Data items:

*** Begin section ***

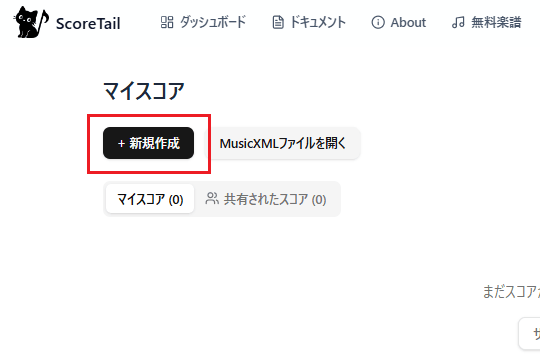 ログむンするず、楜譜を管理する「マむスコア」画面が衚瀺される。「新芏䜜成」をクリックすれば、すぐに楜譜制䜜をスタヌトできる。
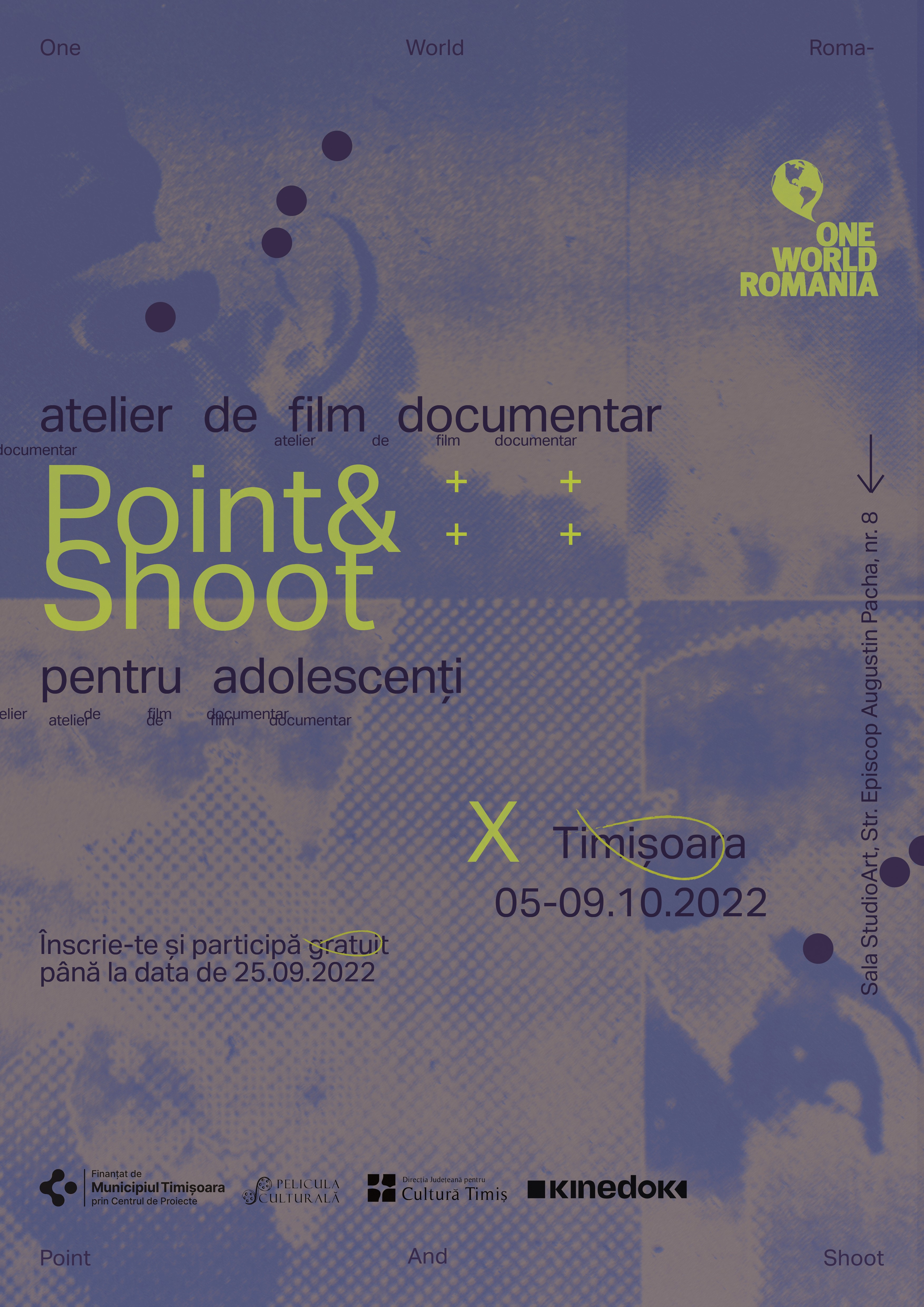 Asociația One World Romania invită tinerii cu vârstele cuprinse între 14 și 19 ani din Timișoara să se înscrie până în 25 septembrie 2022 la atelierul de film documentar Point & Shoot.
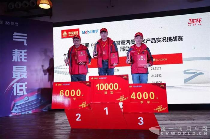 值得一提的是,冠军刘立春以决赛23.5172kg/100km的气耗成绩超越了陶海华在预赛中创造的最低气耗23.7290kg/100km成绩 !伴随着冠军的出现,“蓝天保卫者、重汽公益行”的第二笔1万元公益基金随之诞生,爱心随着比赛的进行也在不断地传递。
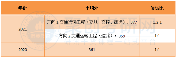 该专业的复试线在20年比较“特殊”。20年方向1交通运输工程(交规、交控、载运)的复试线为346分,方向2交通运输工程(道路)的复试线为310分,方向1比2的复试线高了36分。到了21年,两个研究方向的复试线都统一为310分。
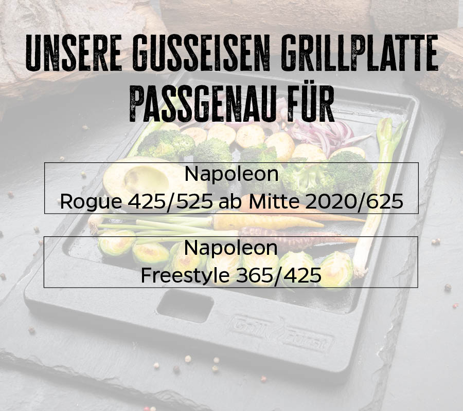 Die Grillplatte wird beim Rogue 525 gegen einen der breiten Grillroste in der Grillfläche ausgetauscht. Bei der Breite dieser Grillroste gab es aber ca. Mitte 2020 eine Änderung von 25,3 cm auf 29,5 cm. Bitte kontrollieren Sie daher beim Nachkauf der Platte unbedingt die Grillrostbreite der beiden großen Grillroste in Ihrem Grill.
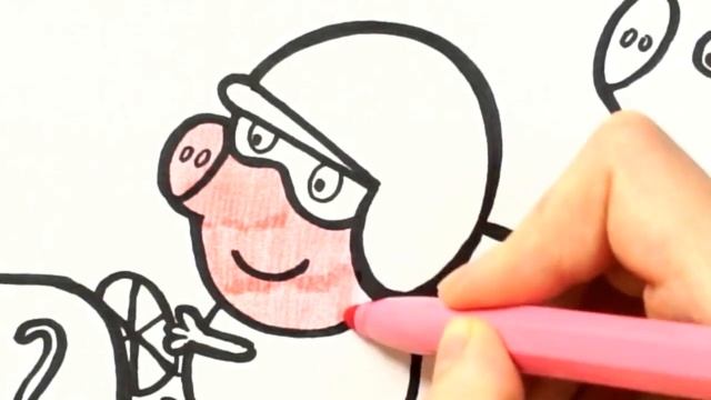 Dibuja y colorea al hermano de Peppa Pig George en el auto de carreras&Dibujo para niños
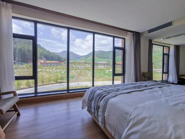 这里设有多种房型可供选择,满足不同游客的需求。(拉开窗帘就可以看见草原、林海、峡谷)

*** End section ***

Leaving the pictures behind, return every line above exactly.

## EXERCISE SOLUTION
 ログむンするず、楜譜を管理する「マむスコア」画面が衚瀺される。「新芏䜜成」をクリックすれば、すぐに楜譜制䜜をスタヌトできる。
 Asociația One World Romania invită tinerii cu vârstele cuprinse între 14 și 19 ani din Timișoara să se înscrie până în 25 septembrie 2022 la atelierul de film documentar Point & Shoot.
 值得一提的是,冠军刘立春以决赛23.5172kg/100km的气耗成绩超越了陶海华在预赛中创造的最低气耗23.7290kg/100km成绩 !伴随着冠军的出现,“蓝天保卫者、重汽公益行”的第二笔1万元公益基金随之诞生,爱心随着比赛的进行也在不断地传递。
 该专业的复试线在20年比较“特殊”。20年方向1交通运输工程(交规、交控、载运)的复试线为346分,方向2交通运输工程(道路)的复试线为310分,方向1比2的复试线高了36分。到了21年,两个研究方向的复试线都统一为310分。
 Die Grillplatte wird beim Rogue 525 gegen einen der breiten Grillroste in der Grillfläche ausgetauscht. Bei der Breite dieser Grillroste gab es aber ca. Mitte 2020 eine Änderung von 25,3 cm auf 29,5 cm. Bitte kontrollieren Sie daher beim Nachkauf der Platte unbedingt die Grillrostbreite der beiden großen Grillroste in Ihrem Grill.
 Dibuja y colorea al hermano de Peppa Pig George en el auto de carreras&Dibujo para niños
 这里设有多种房型可供选择,满足不同游客的需求。(拉开窗帘就可以看见草原、林海、峡谷)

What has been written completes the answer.